Rentas de cuarta y quinta categoría es un punto central en la determinación del Impuesto a la Renta y en la defensa frente a reparos de SUNAT. El análisis debe conectar la operación con la actividad generadora de renta, el sustento documental, la trazabilidad bancaria y el correcto registro contable y tributario.
Base legal: Constitución Política del Perú, art. 74; TUO del Código Tributario, D.S. N.º 133-2013-EF; TUO de la Ley del Impuesto a la Renta, D.S. N.º 179-2004-EF; Reglamento de la Ley del Impuesto a la Renta, D.S. N.º 122-94-EF; TUO de la Ley del IGV e ISC, D.S. N.º 055-99-EF; Reglamento de la Ley del IGV, D.S. N.º 029-94-EF; Ley N.º 28194 sobre bancarización; Reglamento de Comprobantes de Pago, R.S. N.º 007-99/SUNAT; y normas SUNAT sobre comprobantes electrónicos, libros electrónicos, SIRE, declaraciones y regímenes tributarios.

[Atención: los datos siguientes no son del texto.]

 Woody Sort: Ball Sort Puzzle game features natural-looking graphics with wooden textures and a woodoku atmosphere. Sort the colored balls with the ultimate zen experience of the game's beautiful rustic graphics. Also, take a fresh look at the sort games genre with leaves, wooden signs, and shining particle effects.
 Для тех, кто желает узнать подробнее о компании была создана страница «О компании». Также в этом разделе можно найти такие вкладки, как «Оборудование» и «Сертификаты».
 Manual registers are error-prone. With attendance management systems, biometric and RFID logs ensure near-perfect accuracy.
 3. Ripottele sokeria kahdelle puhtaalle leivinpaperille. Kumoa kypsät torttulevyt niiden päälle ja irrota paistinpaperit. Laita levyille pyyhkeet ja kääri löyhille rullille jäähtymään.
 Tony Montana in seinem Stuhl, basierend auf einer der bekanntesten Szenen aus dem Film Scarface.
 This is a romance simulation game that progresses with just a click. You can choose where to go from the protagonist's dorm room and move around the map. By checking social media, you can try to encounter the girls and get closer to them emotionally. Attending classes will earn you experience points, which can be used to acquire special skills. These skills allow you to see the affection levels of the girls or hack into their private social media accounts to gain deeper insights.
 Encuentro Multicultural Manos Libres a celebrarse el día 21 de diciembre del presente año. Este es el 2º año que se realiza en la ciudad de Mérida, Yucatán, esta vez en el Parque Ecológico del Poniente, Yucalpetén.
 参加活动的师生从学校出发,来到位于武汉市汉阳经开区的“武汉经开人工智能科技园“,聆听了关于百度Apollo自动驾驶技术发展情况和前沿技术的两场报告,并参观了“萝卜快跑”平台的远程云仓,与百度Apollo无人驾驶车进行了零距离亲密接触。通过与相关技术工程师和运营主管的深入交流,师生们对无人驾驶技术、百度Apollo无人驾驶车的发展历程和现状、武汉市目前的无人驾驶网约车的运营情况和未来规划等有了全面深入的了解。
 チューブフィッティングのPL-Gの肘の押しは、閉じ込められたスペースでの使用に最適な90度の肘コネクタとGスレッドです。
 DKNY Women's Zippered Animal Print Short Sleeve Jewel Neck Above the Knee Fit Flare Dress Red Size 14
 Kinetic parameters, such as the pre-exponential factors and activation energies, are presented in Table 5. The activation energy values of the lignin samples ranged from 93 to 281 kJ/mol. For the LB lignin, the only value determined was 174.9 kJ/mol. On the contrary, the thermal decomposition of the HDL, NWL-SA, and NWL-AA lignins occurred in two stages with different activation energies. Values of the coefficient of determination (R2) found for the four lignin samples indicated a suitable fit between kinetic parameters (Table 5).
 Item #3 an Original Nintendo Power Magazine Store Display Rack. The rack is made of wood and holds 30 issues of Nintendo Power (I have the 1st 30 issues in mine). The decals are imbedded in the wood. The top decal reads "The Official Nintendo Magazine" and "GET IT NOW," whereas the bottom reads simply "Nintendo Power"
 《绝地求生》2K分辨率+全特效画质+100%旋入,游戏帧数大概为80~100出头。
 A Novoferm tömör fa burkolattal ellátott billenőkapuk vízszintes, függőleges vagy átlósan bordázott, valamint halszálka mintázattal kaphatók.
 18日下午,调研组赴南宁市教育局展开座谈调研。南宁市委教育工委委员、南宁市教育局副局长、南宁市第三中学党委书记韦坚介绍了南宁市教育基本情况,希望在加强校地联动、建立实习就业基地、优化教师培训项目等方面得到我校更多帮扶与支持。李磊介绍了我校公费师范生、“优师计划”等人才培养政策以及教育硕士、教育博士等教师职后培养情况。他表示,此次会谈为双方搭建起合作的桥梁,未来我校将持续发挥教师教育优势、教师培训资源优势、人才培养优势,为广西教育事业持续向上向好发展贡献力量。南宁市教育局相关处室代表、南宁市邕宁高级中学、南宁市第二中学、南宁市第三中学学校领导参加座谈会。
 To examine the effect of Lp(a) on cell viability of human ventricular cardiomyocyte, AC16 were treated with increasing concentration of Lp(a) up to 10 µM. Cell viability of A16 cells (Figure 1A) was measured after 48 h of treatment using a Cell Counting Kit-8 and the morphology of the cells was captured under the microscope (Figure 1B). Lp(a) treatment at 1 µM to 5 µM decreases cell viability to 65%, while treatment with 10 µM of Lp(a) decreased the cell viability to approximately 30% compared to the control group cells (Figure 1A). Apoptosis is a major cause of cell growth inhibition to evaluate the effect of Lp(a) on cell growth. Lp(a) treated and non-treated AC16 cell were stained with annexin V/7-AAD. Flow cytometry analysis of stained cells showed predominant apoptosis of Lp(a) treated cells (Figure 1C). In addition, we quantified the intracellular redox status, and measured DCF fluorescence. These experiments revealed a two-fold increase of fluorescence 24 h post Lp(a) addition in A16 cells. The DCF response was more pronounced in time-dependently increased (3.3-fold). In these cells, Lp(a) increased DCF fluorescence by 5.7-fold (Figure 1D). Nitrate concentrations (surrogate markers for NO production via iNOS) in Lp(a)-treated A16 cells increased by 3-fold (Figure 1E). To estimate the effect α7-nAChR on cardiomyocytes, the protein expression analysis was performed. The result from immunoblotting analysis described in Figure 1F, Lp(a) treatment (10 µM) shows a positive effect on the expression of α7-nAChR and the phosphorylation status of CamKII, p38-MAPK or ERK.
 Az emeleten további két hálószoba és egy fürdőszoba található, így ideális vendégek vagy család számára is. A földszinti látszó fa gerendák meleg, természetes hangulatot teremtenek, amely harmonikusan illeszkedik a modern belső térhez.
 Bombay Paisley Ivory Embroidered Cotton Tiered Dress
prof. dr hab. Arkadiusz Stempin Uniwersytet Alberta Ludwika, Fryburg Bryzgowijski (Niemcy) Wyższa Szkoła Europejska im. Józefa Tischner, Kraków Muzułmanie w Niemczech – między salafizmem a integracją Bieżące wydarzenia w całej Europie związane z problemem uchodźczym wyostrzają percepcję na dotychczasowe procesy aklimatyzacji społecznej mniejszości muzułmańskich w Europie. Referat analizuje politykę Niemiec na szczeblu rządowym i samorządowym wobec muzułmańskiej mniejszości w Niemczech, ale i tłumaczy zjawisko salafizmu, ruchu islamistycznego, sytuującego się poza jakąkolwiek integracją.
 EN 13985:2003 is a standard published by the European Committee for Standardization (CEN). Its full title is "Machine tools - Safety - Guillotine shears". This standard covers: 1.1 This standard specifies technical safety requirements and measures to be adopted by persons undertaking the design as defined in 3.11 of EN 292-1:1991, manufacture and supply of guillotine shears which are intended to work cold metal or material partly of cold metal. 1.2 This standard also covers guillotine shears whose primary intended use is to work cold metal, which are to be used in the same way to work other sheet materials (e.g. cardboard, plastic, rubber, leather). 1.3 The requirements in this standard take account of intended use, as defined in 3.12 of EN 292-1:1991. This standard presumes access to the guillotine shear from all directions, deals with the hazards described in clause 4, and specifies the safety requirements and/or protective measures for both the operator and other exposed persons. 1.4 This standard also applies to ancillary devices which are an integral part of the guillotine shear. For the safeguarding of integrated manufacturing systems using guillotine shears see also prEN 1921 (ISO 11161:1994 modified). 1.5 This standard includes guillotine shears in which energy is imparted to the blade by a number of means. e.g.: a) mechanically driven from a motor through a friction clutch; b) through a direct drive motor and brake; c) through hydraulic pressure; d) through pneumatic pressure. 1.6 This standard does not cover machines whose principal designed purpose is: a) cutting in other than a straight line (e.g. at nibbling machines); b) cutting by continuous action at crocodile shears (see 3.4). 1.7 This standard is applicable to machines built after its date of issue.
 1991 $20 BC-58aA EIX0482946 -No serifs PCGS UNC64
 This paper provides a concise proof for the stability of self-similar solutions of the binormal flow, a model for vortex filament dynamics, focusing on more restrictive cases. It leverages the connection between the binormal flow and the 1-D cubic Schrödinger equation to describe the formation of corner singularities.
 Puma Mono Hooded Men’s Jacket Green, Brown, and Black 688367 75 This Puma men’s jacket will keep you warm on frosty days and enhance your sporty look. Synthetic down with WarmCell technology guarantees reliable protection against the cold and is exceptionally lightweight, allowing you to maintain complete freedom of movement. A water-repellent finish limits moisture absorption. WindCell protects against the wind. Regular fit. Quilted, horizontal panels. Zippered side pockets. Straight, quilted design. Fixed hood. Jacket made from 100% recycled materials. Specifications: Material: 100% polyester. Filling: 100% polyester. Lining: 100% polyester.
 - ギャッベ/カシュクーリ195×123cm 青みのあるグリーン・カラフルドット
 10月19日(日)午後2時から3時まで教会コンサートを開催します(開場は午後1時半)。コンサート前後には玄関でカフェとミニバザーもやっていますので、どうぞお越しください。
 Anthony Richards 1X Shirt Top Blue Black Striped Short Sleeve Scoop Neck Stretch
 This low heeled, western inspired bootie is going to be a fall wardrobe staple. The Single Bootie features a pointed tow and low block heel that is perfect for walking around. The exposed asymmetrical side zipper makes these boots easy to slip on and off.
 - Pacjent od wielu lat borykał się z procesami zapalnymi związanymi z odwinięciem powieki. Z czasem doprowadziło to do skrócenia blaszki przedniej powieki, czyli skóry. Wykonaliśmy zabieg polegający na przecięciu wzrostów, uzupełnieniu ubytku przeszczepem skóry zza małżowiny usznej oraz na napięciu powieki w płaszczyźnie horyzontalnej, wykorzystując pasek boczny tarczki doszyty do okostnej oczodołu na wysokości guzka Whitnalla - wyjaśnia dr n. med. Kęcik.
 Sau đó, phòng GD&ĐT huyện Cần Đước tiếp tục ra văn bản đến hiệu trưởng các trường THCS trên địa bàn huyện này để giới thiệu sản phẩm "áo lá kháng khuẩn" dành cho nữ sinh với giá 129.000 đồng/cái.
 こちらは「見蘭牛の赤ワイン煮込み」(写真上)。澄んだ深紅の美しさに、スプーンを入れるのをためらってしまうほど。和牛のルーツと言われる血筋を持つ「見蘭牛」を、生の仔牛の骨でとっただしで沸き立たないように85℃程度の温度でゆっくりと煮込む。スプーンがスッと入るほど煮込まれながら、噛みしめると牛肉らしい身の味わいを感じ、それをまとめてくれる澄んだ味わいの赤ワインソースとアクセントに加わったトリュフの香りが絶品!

La línea administrativa y judicial suele exigir que la forma documental coincida con la realidad económica. No basta contar con comprobantes: la operación debe ser causal, fehaciente, bancarizada cuando corresponda, razonable en monto y vinculada con la generación o mantenimiento de renta gravada.
Una persona emite recibos por honorarios, pero presta servicios en horario fijo, bajo órdenes y con herramientas de la empresa; el caso debe revisarse porque podría existir una relación laboral y no una renta independiente.